# Crank falls as I close the window



## El_Cangri (Dec 17, 2011)

Well as the title says my crank falls, technically it unscrews as I close the window. I have two windows with the exact same problem. My mechanic inside of me tells me that maybe its missing a washer or something that retains it.

Since I'm on my mobile device and the URL upload gives me a invalid file message I'm going to give the link to my pictures stored in my Dropbox folder. Hope there isn't a problem by doing so.

Pic1
Pic2


----------



## El_Cangri (Dec 19, 2011)

Anyone with at least an idea?


----------



## nealtw (Dec 19, 2011)

[ame=http://www.youtube.com/watch?v=UyAazckAyFw]How to replace single arm window crank - YouTube[/ame]

Best bet is to replace it.


----------



## El_Cangri (Dec 20, 2011)

Better call a pro then. If it was like the one in the video or the "Miami" style that has all the mechanism visible and in reach, but these are completely sealed. So I guess worst case scenario would be having to remove the window. 

I just want to fix this for security reasons. 

Thanks for the input


----------



## nealtw (Dec 20, 2011)

Perhaps you are just missing a spring clip. In the photo with the crank in hand you can see an allan head screw which would remove the crank. If you have more in the house remove one and see if you can figure what is supposed to stop it from coming out. May get a photo of that.


----------



## njglass (Dec 20, 2011)

The video shows a casement window hinged left like a door. Judging by your handle it looks like you have an awning or hopper window. Your window is hinged most likely at the top or bottom, correct? If I am correct just by looking at the handle I know you can order replacement parts for that crank system instead of buying a whole new crank out system. 

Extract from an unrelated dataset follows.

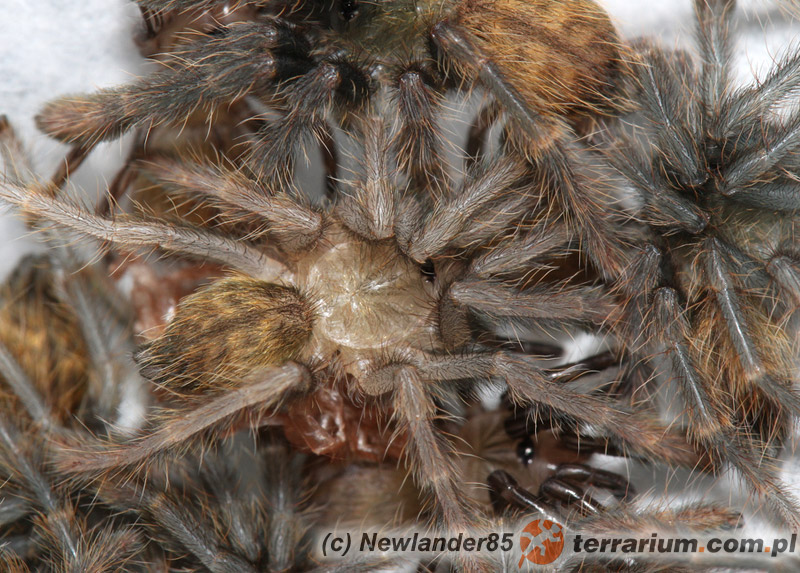 Samica składa kokon między drugim a trzecim miesiącem po udanej kopulacji. W kokonie znajduję się 30-70 jaj, po około 60 dniach inkubacji w kokonie znajdziemy pająki w stadium L1.

A very large US supplier of this type of window part would be CR Laurence. I buy stuff from their company frequently to repair windows. The part number for your handle is H3592 if I'm jumping to the right conclusions. You can find your handle and related crank parts on their site. I would take apart a functioning unit like nealtw suggested and determine what needs to be done. I bet you can do it yourself!


----------